[Data entries]
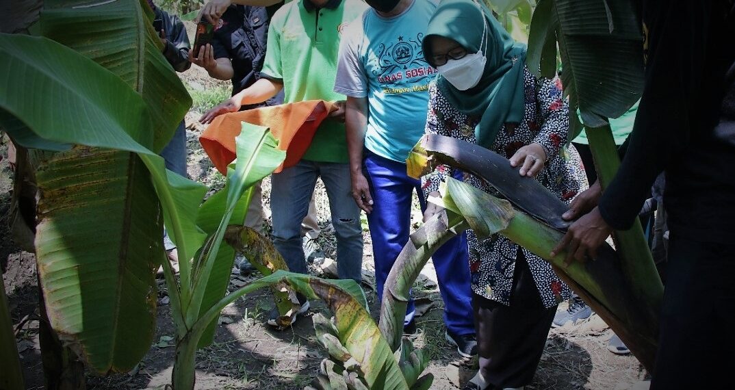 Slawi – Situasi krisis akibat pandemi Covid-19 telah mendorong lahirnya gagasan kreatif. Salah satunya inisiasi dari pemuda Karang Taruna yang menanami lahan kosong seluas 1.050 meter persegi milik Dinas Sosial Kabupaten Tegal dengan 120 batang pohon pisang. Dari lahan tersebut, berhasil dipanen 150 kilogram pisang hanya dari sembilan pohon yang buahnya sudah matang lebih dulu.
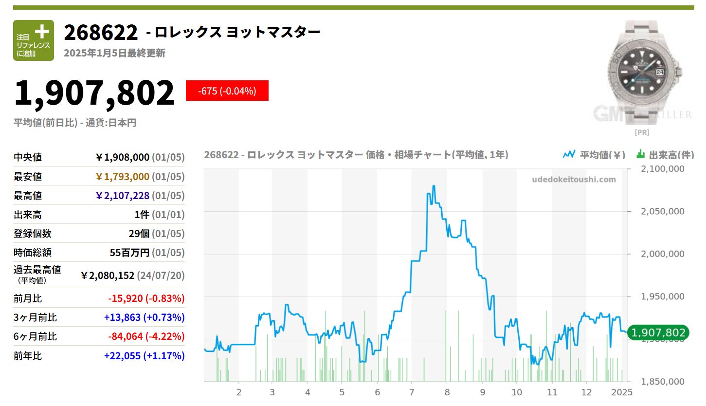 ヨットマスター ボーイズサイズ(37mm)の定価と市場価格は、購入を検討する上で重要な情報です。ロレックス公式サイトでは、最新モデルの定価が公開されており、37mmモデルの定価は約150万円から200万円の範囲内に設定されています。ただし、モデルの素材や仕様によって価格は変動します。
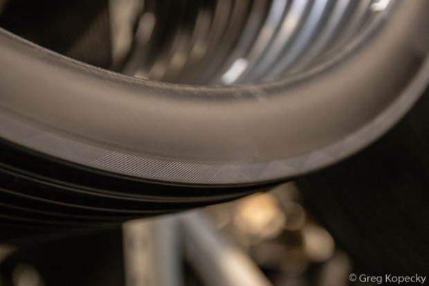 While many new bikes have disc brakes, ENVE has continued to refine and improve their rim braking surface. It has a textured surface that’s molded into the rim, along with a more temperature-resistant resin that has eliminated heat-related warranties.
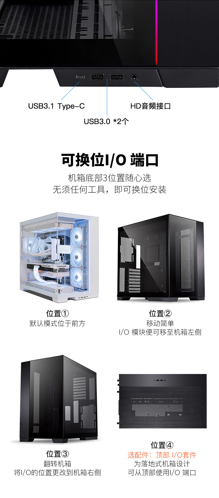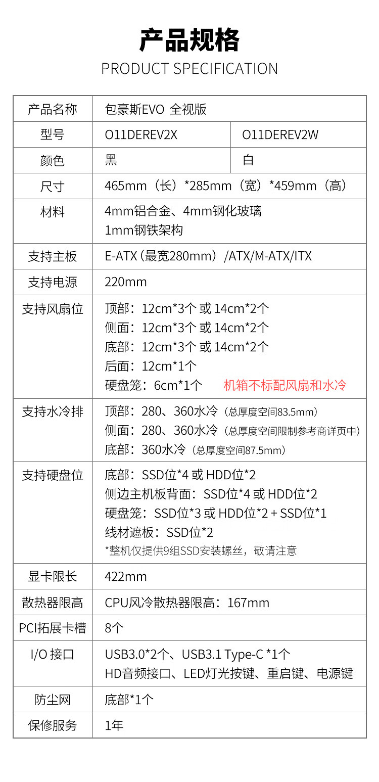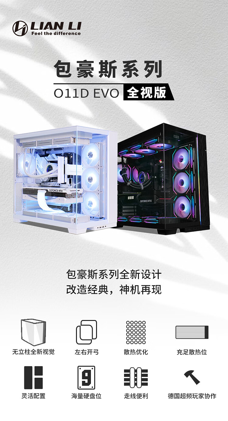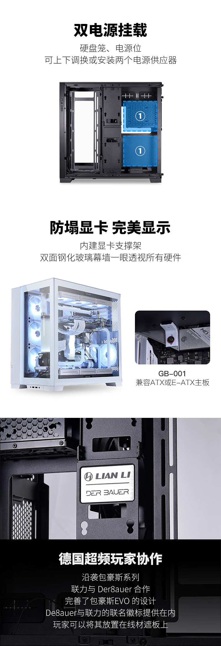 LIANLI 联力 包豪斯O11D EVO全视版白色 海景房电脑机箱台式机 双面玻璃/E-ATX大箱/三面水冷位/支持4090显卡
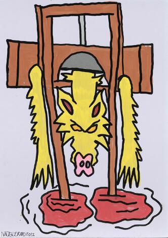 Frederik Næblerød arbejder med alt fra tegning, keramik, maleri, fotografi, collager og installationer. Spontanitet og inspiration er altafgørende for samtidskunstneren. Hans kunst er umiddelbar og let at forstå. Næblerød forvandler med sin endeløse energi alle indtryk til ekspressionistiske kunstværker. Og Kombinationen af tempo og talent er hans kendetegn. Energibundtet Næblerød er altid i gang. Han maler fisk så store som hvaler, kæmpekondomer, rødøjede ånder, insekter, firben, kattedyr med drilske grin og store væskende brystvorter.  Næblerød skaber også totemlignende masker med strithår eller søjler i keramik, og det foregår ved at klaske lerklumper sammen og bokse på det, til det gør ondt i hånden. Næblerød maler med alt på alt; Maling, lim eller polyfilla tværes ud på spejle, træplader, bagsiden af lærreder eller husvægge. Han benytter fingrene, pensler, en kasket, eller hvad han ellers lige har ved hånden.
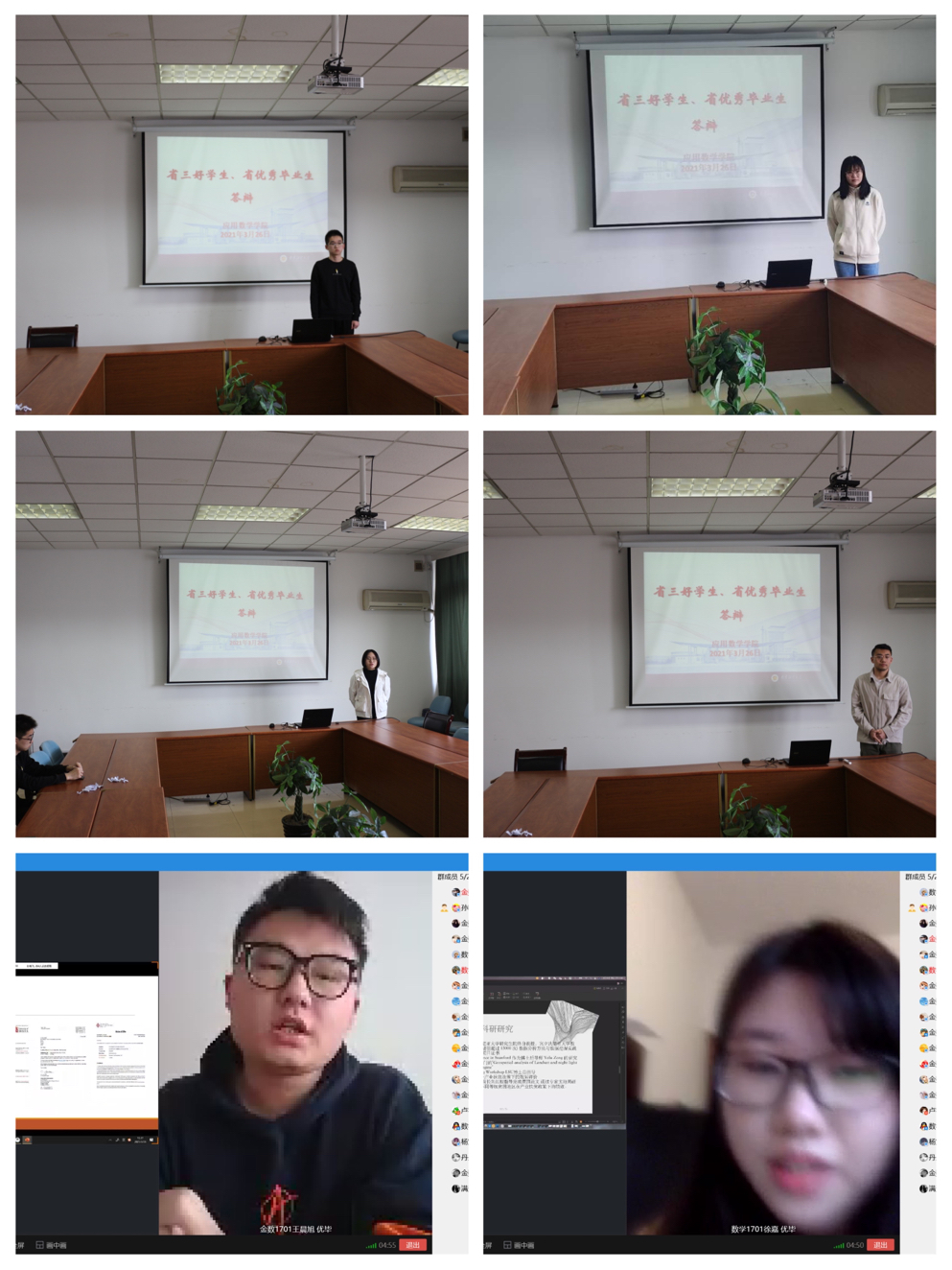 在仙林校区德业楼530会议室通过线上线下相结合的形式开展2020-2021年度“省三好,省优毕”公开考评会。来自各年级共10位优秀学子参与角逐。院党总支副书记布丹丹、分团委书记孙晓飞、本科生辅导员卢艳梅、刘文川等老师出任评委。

TASK GOAL => Exactly as they stand, the entries must be written out again, pictures excluded.

FINISHED EXERCISE =>
 Slawi – Situasi krisis akibat pandemi Covid-19 telah mendorong lahirnya gagasan kreatif. Salah satunya inisiasi dari pemuda Karang Taruna yang menanami lahan kosong seluas 1.050 meter persegi milik Dinas Sosial Kabupaten Tegal dengan 120 batang pohon pisang. Dari lahan tersebut, berhasil dipanen 150 kilogram pisang hanya dari sembilan pohon yang buahnya sudah matang lebih dulu.
 ヨットマスター ボーイズサイズ(37mm)の定価と市場価格は、購入を検討する上で重要な情報です。ロレックス公式サイトでは、最新モデルの定価が公開されており、37mmモデルの定価は約150万円から200万円の範囲内に設定されています。ただし、モデルの素材や仕様によって価格は変動します。
 While many new bikes have disc brakes, ENVE has continued to refine and improve their rim braking surface. It has a textured surface that’s molded into the rim, along with a more temperature-resistant resin that has eliminated heat-related warranties.
 LIANLI 联力 包豪斯O11D EVO全视版白色 海景房电脑机箱台式机 双面玻璃/E-ATX大箱/三面水冷位/支持4090显卡
 Frederik Næblerød arbejder med alt fra tegning, keramik, maleri, fotografi, collager og installationer. Spontanitet og inspiration er altafgørende for samtidskunstneren. Hans kunst er umiddelbar og let at forstå. Næblerød forvandler med sin endeløse energi alle indtryk til ekspressionistiske kunstværker. Og Kombinationen af tempo og talent er hans kendetegn. Energibundtet Næblerød er altid i gang. Han maler fisk så store som hvaler, kæmpekondomer, rødøjede ånder, insekter, firben, kattedyr med drilske grin og store væskende brystvorter.  Næblerød skaber også totemlignende masker med strithår eller søjler i keramik, og det foregår ved at klaske lerklumper sammen og bokse på det, til det gør ondt i hånden. Næblerød maler med alt på alt; Maling, lim eller polyfilla tværes ud på spejle, træplader, bagsiden af lærreder eller husvægge. Han benytter fingrene, pensler, en kasket, eller hvad han ellers lige har ved hånden.
 在仙林校区德业楼530会议室通过线上线下相结合的形式开展2020-2021年度“省三好,省优毕”公开考评会。来自各年级共10位优秀学子参与角逐。院党总支副书记布丹丹、分团委书记孙晓飞、本科生辅导员卢艳梅、刘文川等老师出任评委。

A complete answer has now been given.